Są określone metody walki z epidemią, jedne są bardziej radykalne, inne mniej, niewątpliwie mycie rąk, utrzymywanie dystansu i noszenie dobrych masek jest jedną z tych metod. Drugą - nie jedyną, bo można też badać odporność - jest stosowanie szczepień jako takich na skalę masową
— powiedział prof. Simon.
„Przez szczyt przebijamy się teraz”
W rozmowie z Magazynem przyznał, że jest „teraz zwolennikiem obowiązkowych szczepień, nie całego społeczeństwa, ale wybranych grup zawodowych, które się bardzo narażają i jednocześnie są zagrożeniem dla innych”.

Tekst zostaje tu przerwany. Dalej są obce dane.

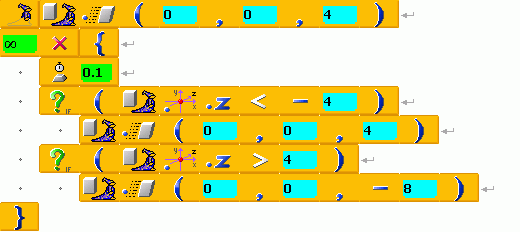 | Nastaví spritu Baltíka rychlost 0, 0, 4. Poté bude nekonečnokrát čekat 0,1 sekundy a kontrolovat Baltíkovu souřadnicic Z. Jestli je menší než -4, nastaví rychlost Baltíkovu spritu na 0, 0, 4, jestli je větší než 4, nastaví Baltíkovu rychlost na 0, 0, -8. | | |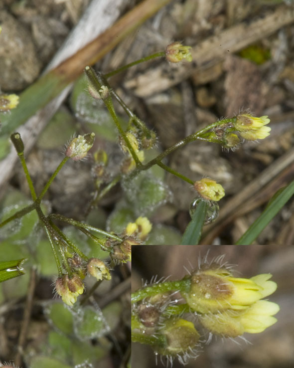 Many very tiny yellow flowers on one plant found in Meadow Vue Ranch overlooking RedRock RV Park. Inset is closeup of one of the flowers. Looks like something from the pea family, like a locoweed or milk vetch. |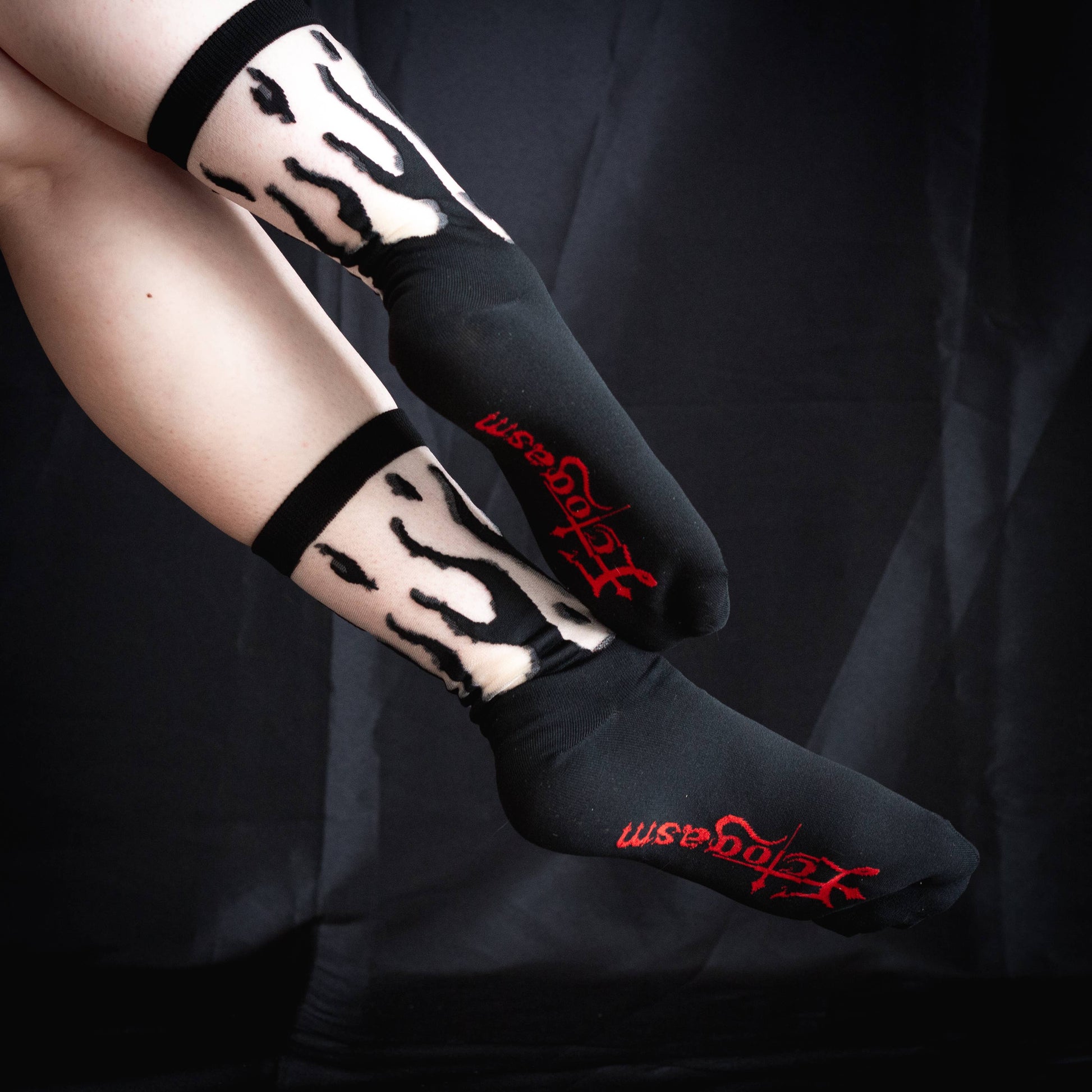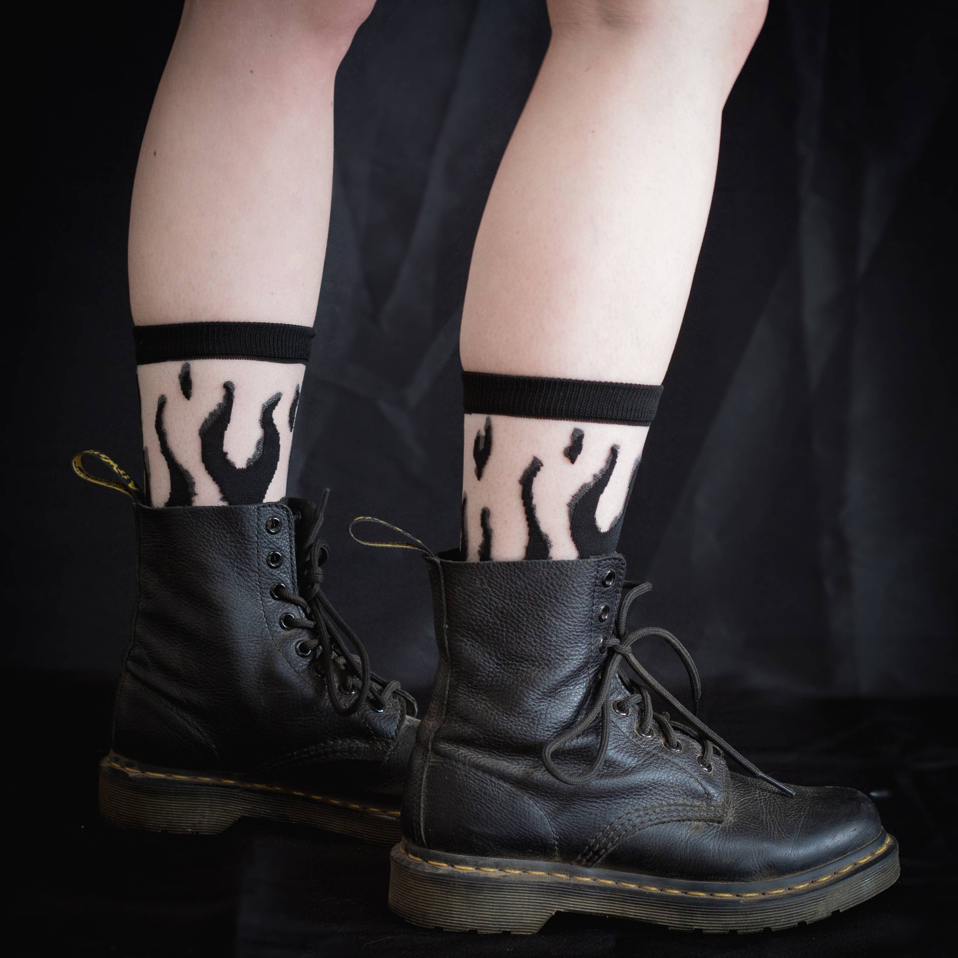 These cool socks feature a wicked black flame pattern. Woven over a sheer base, when you wear them, it looks like flames are coming out of your shoes! Wear with your favorite sneakers or boots for a unique alternative aesthetic.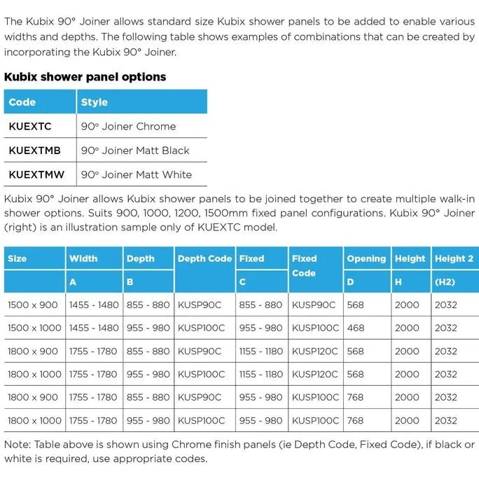 - The Kubix 90° Joiner allows standard size Kubix shower panels to be added to enable various widths and depths. The following table shows examples of combinations that can be created by incorporating the Kubix 90° Joiner.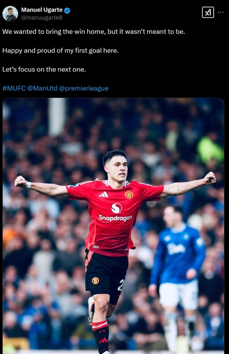 2月23日訊 本輪英超比賽中,曼聯(lián)2-2戰(zhàn)平埃弗頓,烏加特打進自己的紅魔生涯首球。賽后,他更新動態(tài),表示很遺憾沒能獲勝。
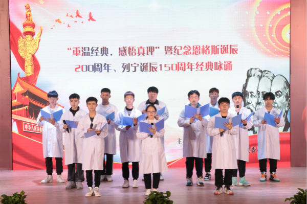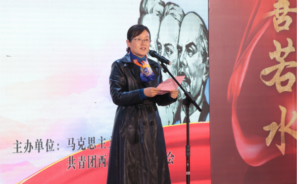 为纪念恩格斯诞辰200周年、列宁诞辰150周年,11月30日晚上,马克思主义学院与校团委在学术报告厅举行了“重温经典,感悟真理”为主题的经典咏诵活动。本次经典咏诵活动依托《马克思主义基本原理概论》课程,以全校各学院各专业2019级学子为主体,大家齐聚一堂,吟诵自己心中最美的经典诗篇,向伟大的革命先行者们致敬。校党委副书记熊冬梅出席活动并发表讲话。参加活动的还有校党委宣传部副部长刘军林、临床医学院党总支副书记吕宝、马克思主义学院院长桑利娥以及马克思主义学院教师李亚芳。担任本次活动评委的是校党委宣传部副部长刘军林、马克思主义学院院长桑利娥、“马克思主义基本原理概论”教研室主任王红、“原理”教研室教师刘晨博士和刘宁老师。马克思主义学院院长桑利娥致辞。

Czyli mam tu na myśli obowiązek szczepień dla służby zdrowia, dla absolutnie wszystkich innych możliwych służb, dla opiekunek do dzieci w przedszkolach, żłobkach, wszędzie tam, gdzie jest ogromne narażenie i łatwe przenoszenie wirusa na inne osoby
— powiedział profesor.
Na uwagę gazety, że eksperci uważają, że szczyt zakażeń może być w okolicach świąt Bożego Narodzenia, ale szczyt zgonów będzie później, prof. Simon powiedział:
Myślę, że przez szczyt przebijamy się teraz, przez te ostatnie dwa-trzy tygodnie, a potem on się będzie wypłaszczał.